The Wall Street Journal looked at the Republican Party after almost four years of the Trump Presidency and found that while the party’s size has been relatively unchanged (around 36% of voters self-identify as Republicans today compared to roughly 37% in 2016 and 2012), its composition has changed. White working class voters, who began shifting to Republicans before President Trump took office, have migrated to the GOP in larger numbers post-2016. Today, white working class voters comprise 59% of the Republican Party, up from 50% in 2010.
Republicans also represent more middle- and lower-class income House districts today (58%) than in 2010 (39%). Nearly every Democratic presidential contender has at one point or another invoked their party’s class warfare rhetoric, blaming Republican millionaires for everything from poverty to school loan debt to global warming. Then why are middle and lower income districts sending Republicans to represent them?

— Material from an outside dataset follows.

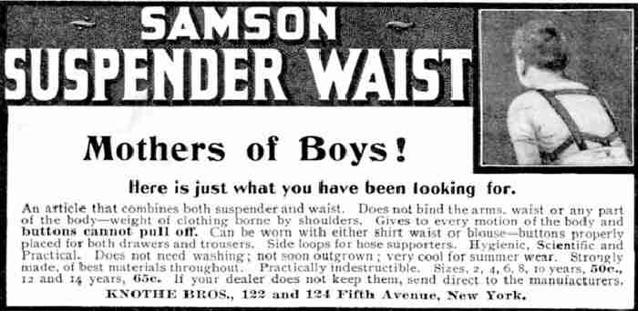 their sons from more primitive waists that "bind the arms, waist or any part of the body." The sizes involved are for boys from 2 to 14 years of age. This waist is somewhat more complex in construction than the Kazoo suspender waist which appears to have sold more widely at a slightly later date. Note that it has attachments for holding up knee trousers, underdrawers, and supporters for long stockings. The ad copy describes the features offered. "Samson Suspender Waist. Mothers of Boys! Here is just what you have been looking for. An article that combines both suspender and waist. Does
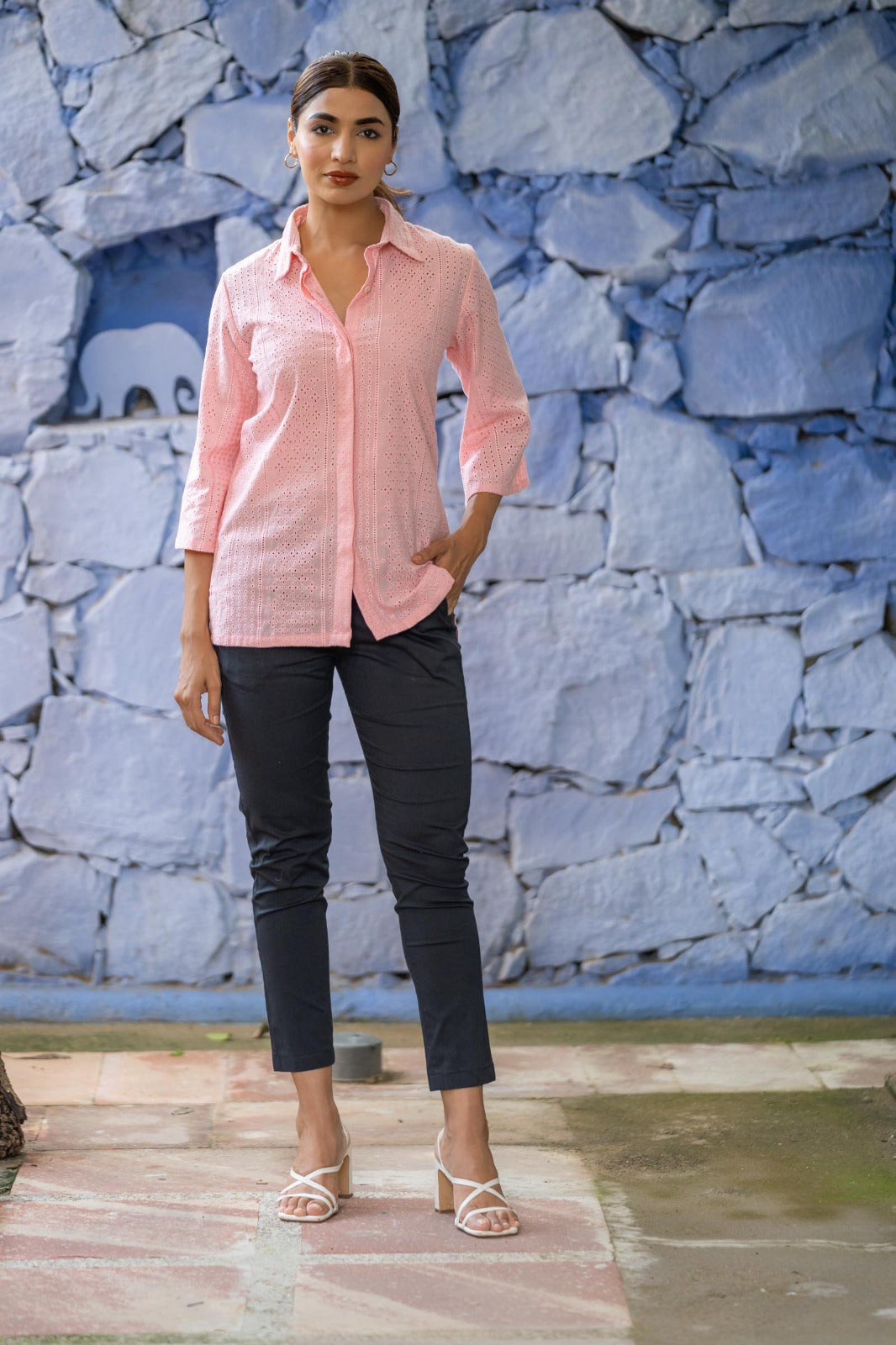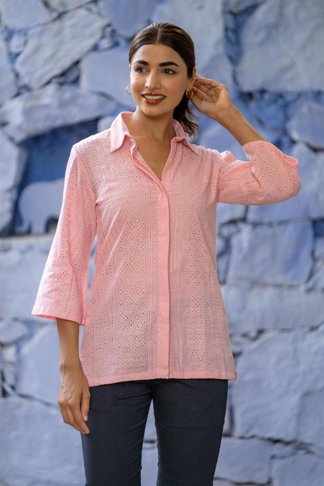 PINK EMBROIDERY SHIRT TOP-NFT137

It is true Mr. Trump engaged these voters – many of whom felt overlooked in past elections – by focusing on issues like immigration and trade, but the Democratic Party’s shift to socialism may have something to do with it as well. Policies like Medicare-for-All, free college, and the Green New Deal do nothing to address needs of middle- and lower- income families. Republicans can grow their party across income, education, and other demographic levels by offering better solutions to these problems and highlighting the dangers that the Democratic Party’s agenda represent.